NAS Cheatsheets
This blog is dedicated to those sysadmins and IT storage admins who are implementing network-attached storage of any type and protocol - file-based and block-based, Ethernet and FC.
The main goal is to SAVE YOU TIME. The blog contains real-life examples and tips.
Rules of the house:
1. Enjoy the free help and email/post comments and requests.
2. Contribute by clicking on the ads.
3. Please - this blog is not about choosing technologies and vendors. The idea is to help implementing computer storage faster and smarter, not about choosing in between the zillion options available.
NFS Performance Analysis for the masses
Surprise - You don't have to be an NFS performance guru to reach some interesting conclusions regarding your NFS traffic.
Real Life Example: Users complain - "access to /projects/ourproject is slow".
Research:
1. Build the "story" around the problem:
1.1. When did the problem start?
1.2. Does it occur only from specific hosts, to specific users, on/from/to specific networks, does it happen with other protocols (SMB/CIFS, HTTP, FTP to name a few)?
2. Review the NFS environment:
2.1. Pick one NFS host (I assume it's a Unix box, exact commands may differ) as your main research target, and do not look on other hosts from that moment. There are too many outputs and details to care about already.
2.2. Client OS versions.
2.3. NFS mount options and transfer size units.
2.4. NFS and RPC errors.
2.5. NFS operations mix.
NFS Clients
What should be my suspicion level at the client itself?
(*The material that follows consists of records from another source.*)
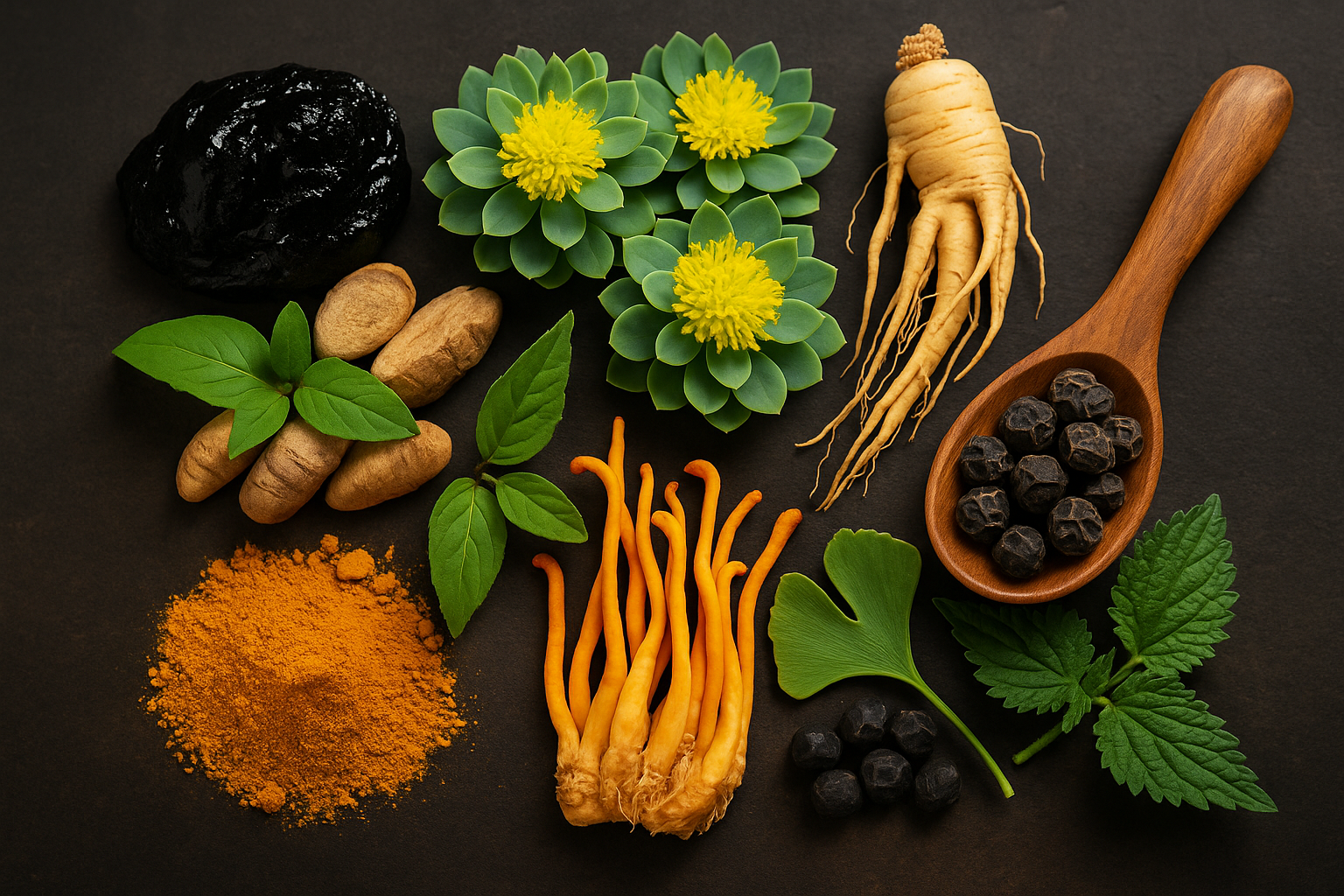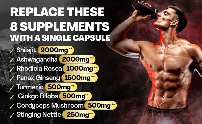It’s a premium adaptogen blend combining Himalayan Shilajit, Ashwagandha, Rhodiola, Ginseng, Turmeric, Cordyceps, Ginkgo, and Nettle. Designed to restore energy, sharpen focus, and balance stress in one clean daily capsule.
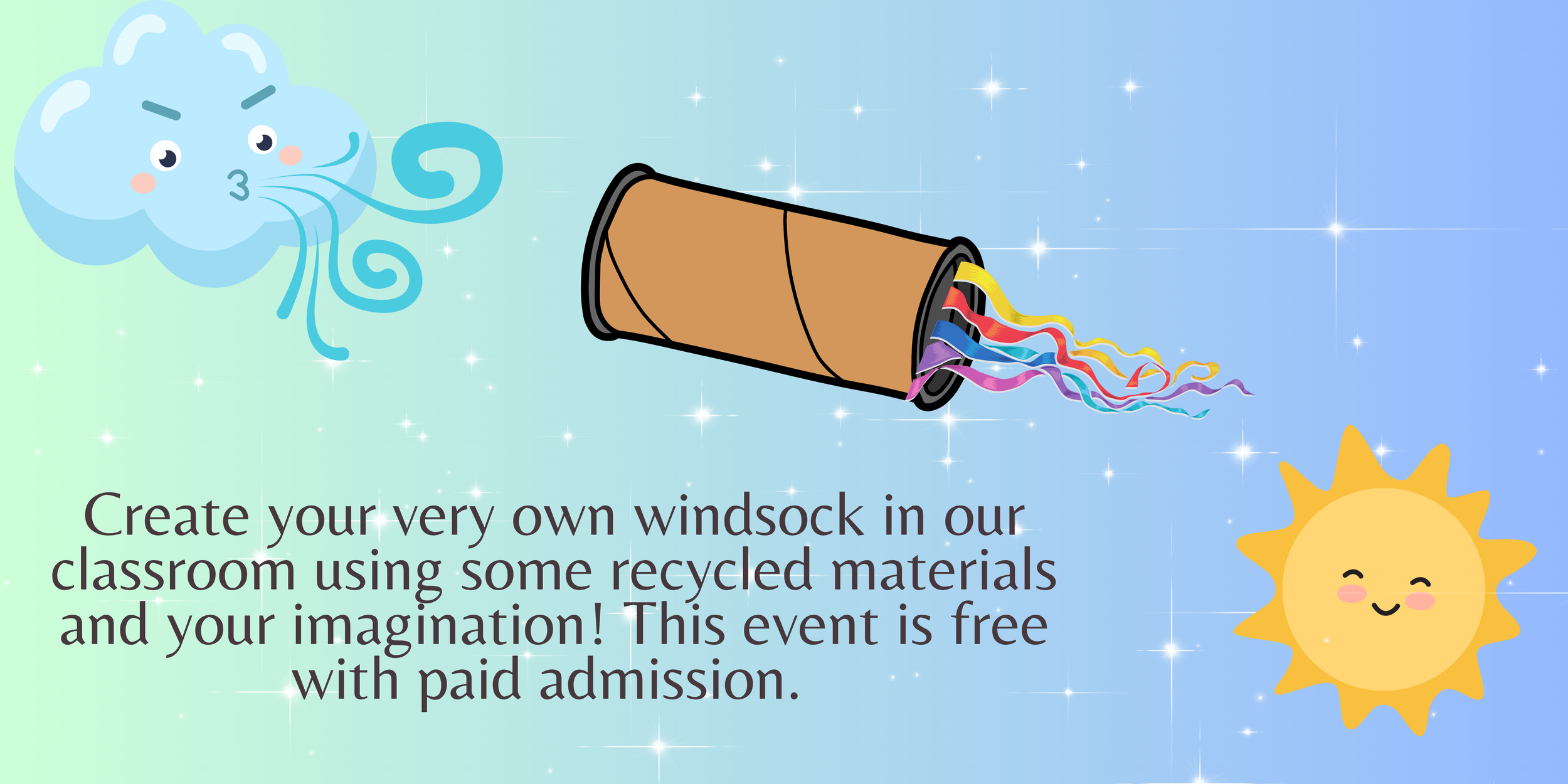 Create your very own windsock in our classroom using some recycled materials and your imagination! This event is free with paid admission.
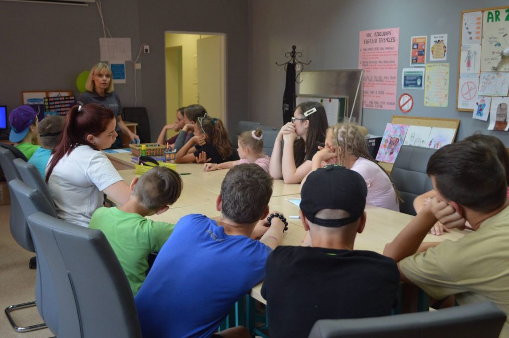 Tad toliau lankome atostogomis besimėgaujančius vaikus ir lankomės Radviliškio parapijos bendruomenės socialinių paslaugų centro vaikų dienos centre ,,Ąžuoliukas“, kur su vaikais diskutuota apie saugų internetą, prekybą žmonėmis ir saugų elgesį gatvėje bei kieme.
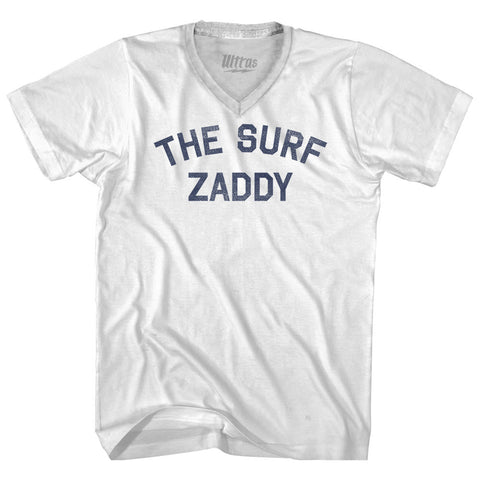 Product Story: The Surf Zaddy Adult Tri-Blend V-neck T-shirtProduct Description: The Surf Zaddy Adult Tri-Blend V-neck T-shirt Tri-Blend (Polyester, Rayon, Cotton) Buttery Smooth Soft Material Medium Weight Tee Soft Hand Print
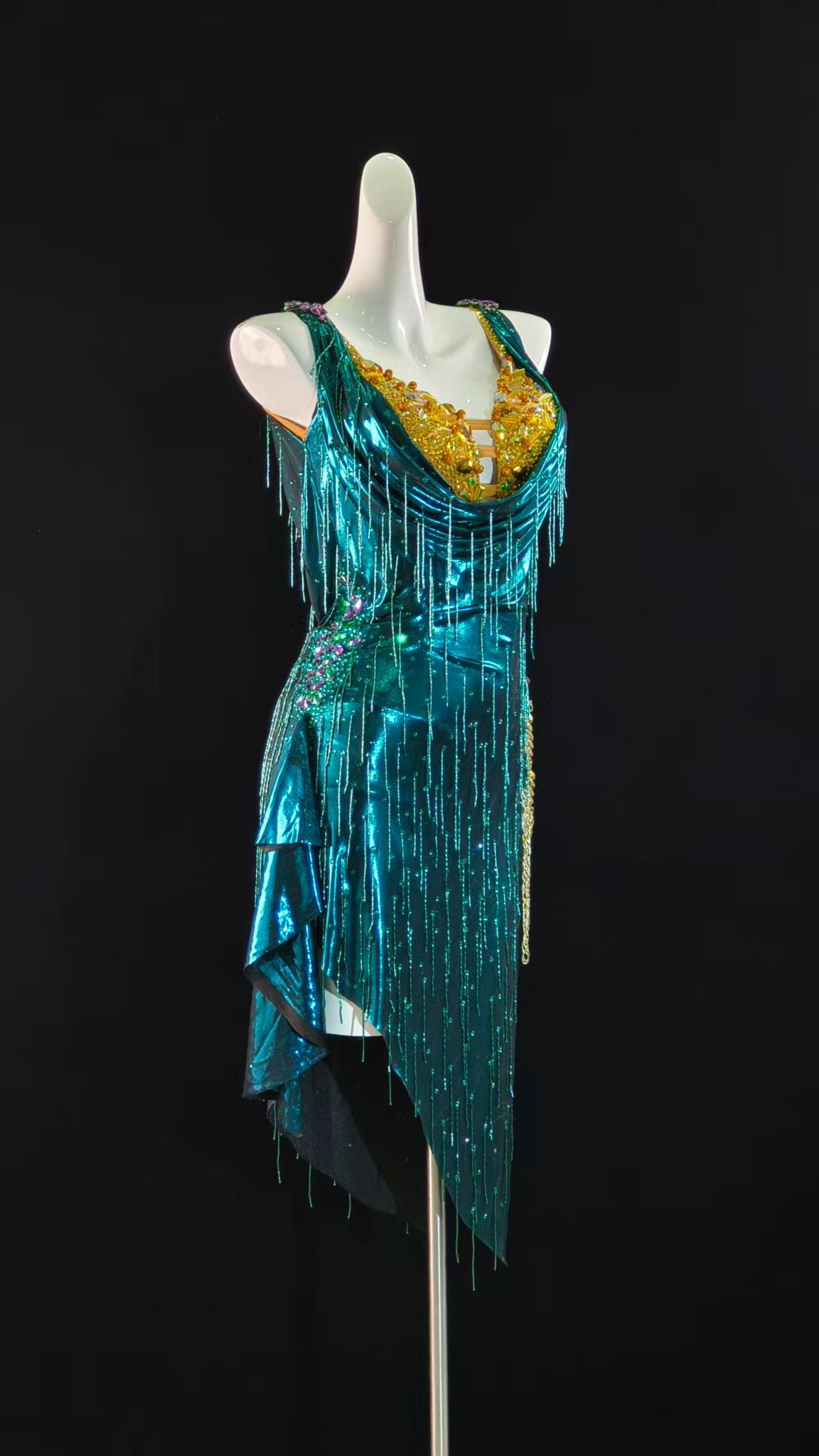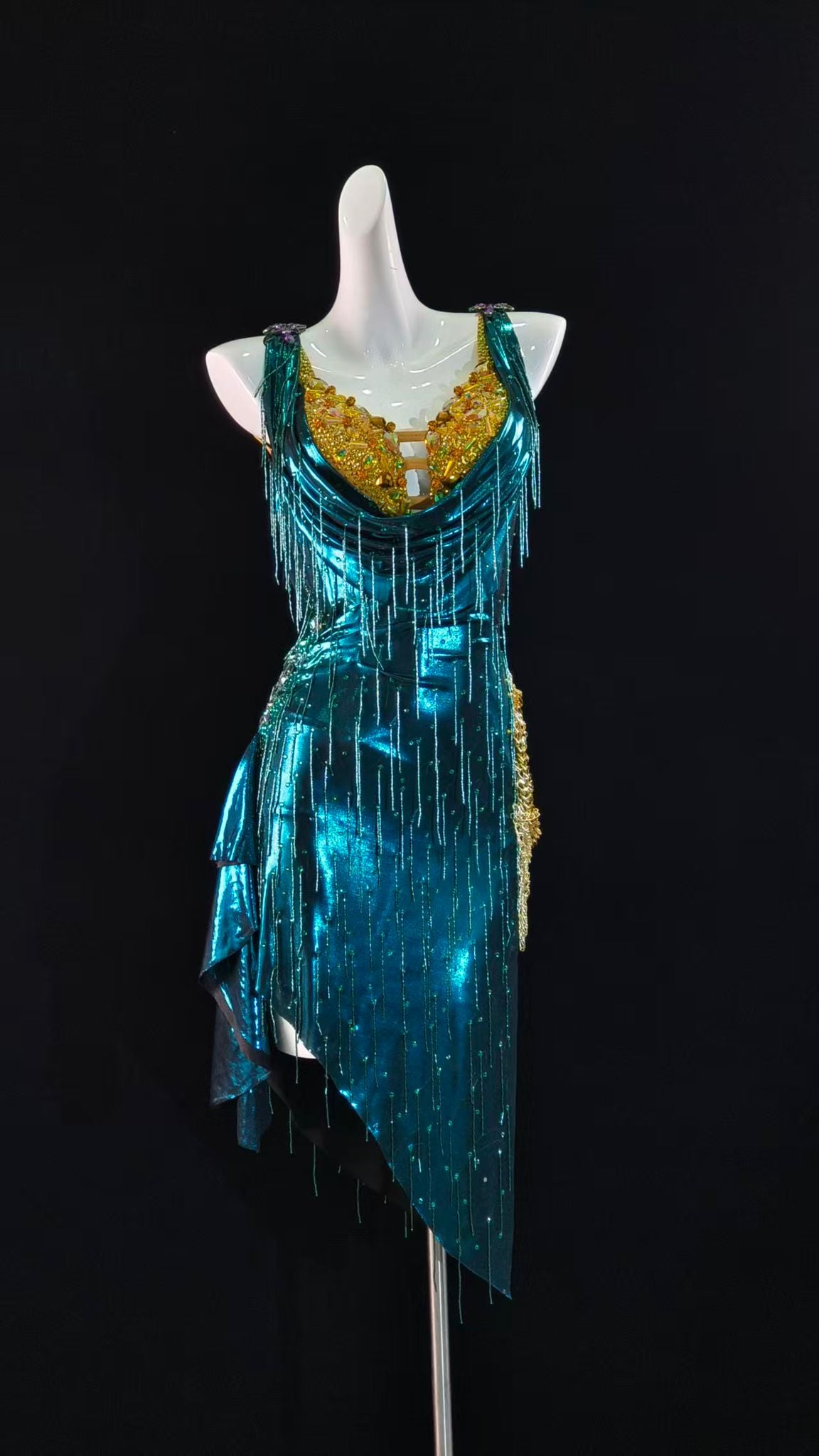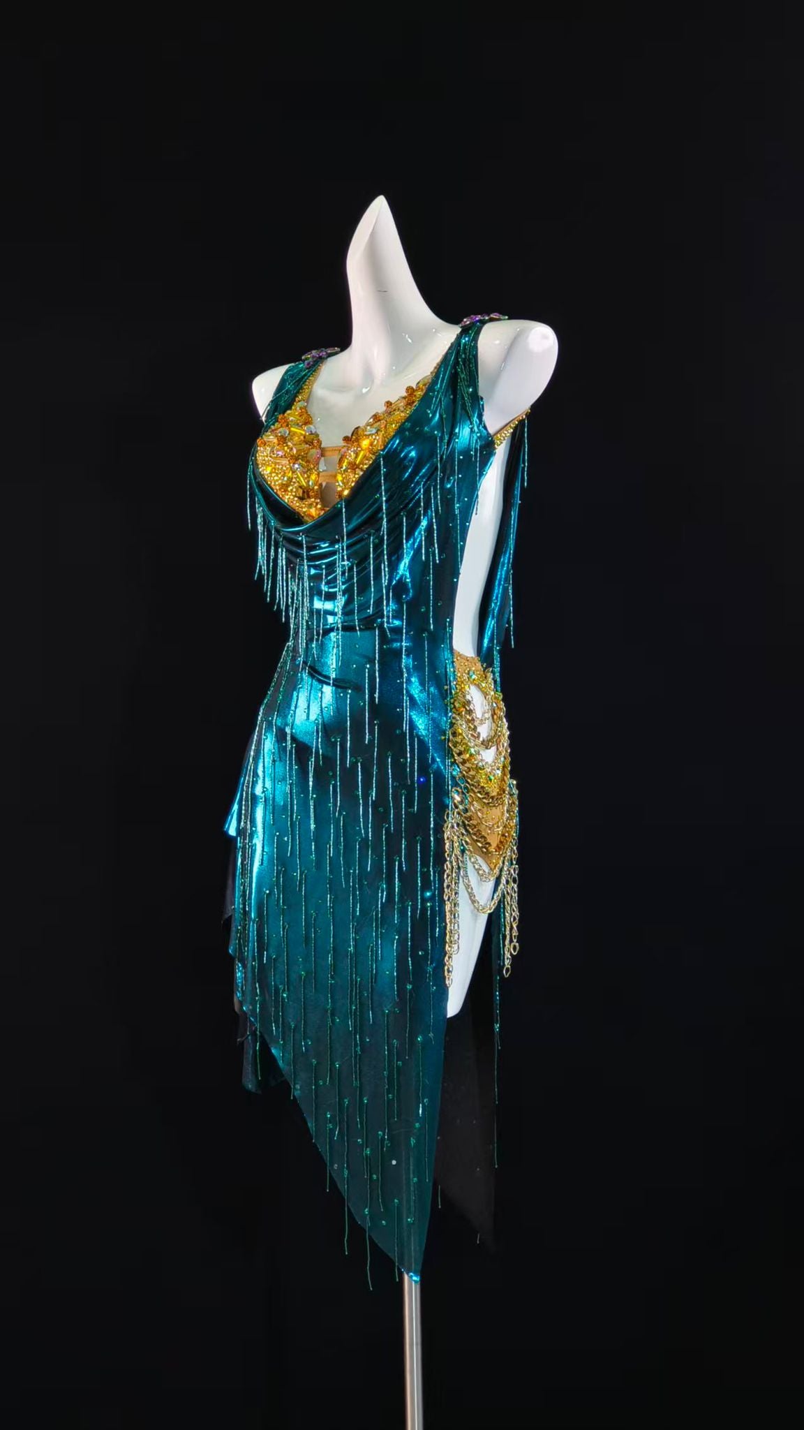 Sexy and Fun Metallic Teal Latin Dress

It's better put some reality on the table - experience shows that NFS performance could dramatically improve as of patches, available from the Unix vendor. The following lists the Unix NFS clients ordered by my subjective "NFS Clients Ranking" or in other words - how much this client sucks compared to others:
* Linux 2.4.20/2.6.x and up - Linux is the best. Can easily outperform other NFS clients with its excellent out-of-the-box performance, tunings rarely required. Excellent review of details available here: XXX.
* FreeBSD - I don't have enough experience here, as many Internet sites (the really large ones) use FreeBSD, I expect pretty much the same of Linux. Watch out of potentially small transfer size units (see Transfer Size section).
* Solaris - Used to be the King of NFS, don't waste your time tuning any old versions (prior to 2.8.x), usually suck without latest patches, available here: .
* HP-UX, AIX - Patches, patches, patches. These NFS clients are not the major focus for these vendors, so beware of weird NFS behaviours and bugs.
Note: This is a purely subjective list. Use as a simple reference to the time you should expect to spend on tuning these clients. Experience may vary, mostly latest OS releases fully-patches clients should reach close-to-optimum performance.
NFS mount options
Review the contents of the following files:
/etc/fstab - Linux, FreeBSD
/etc/vfstab - Solaris
/etc/filesystems - AIX
HP-UX
Use the "mount" command, look at /proc/mounts (Linux).
Modern NFS clients default to NFS over TCP. Most likely that's what you want, and that's what you should look for.